Title: Wild Wood
Rating: Mature (sexual content, language, psychological situations)
Characters/Pairing: Jack, Ianto, Jack/Ianto
Summary: Jack Harkness has many ghosts. Most of them are himself.
Author's Note: For
tw_calender's October 13th, 'possession' prompt. I ended up interpreting out of the box. Waaay out of the box. Many, many thanks for
exfatalist for beta reading, suggestions and listening to lots of whinging, as per usual. ♥
--
Wild Wood
The first time it happens, Ianto has invited Jack home with him, knowing there's no rest to be found in an underground bunk in the Hub. Ianto wakes in the wee hours of the morning to find Jack sitting on the edge of the bed, staring at a nightlight on the wall that Ianto had surreptitiously installed to combat his lover's newfound fear of the dark.
"Jack?" Ianto sits up and flicks on the lamp, concerned that Jack has suffered another of the night terrors that are not uncommon to him now.
Jack turns to look at him, a mixture of curiosity and confusion on his face, and says something in a completely alien language.

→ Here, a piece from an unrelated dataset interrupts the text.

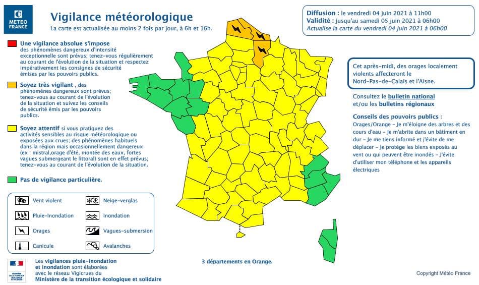 Carte de vigilance du vendredi 4 juin 2021 à 11h – Météo-France

Taken aback, Ianto worries that somewhere in the middle of the night, Jack has suddenly lost his mind. After being buried alive for nearly two thousand years, who can blame him? Jack has tried very hard to go back to being himself, but more often than not seems to have forgotten who that person is. Along with Gwen, Ianto has forgiven many mistakes and covered for others, like when Jack can't remember the name of Gwen's husband (Rhys), or how many sugars he likes in his coffee (Ianto adds four, because it is his job to know these things).
But Jack seems to be faring better at the moment than he has for months, aside from the whole matter of not speaking English or appearing to not recognize Ianto in the slightest. He climbs out of the bed and spends a moment squishing the carpet between his toes, then commences with nosing around the tiny bedroom of Ianto's flat. Jack picks up the book Ianto has been reading on and off for months and flips through the pages, then tosses it back down and picks up the old alarm clock from the nightstand as if it's a curiosity piece. He pokes at one of the bells and laughs when it rings, and says something to Ianto that, could Ianto understand it, certainly would be a smart-assed remark.

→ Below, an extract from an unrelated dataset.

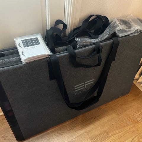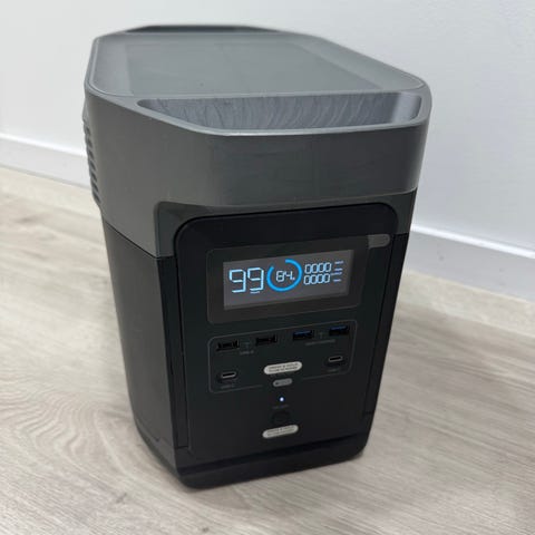 EcoFlow Power Station är en bärbar kraftstation i svart färg. Den har flera utgångar inklusive USB-A, USB-C, DC-utgångar och vanliga vägguttag, vilket gör den användbar för laddning av olika elektroniska enheter. Displayen visar batteristatus och annan relevant information

This goes on for some long minutes, during which Ianto tries not to seem as absolutely terrified as he feels. Still, Jack seems neither melancholy nor upset right now, and that can only be an improvement. When he crosses back toward the bed, the look on his face is painfully open. Ianto slides beneath the covers again, patting the cooling spot beside him, and Jack crawls back into bed to join him.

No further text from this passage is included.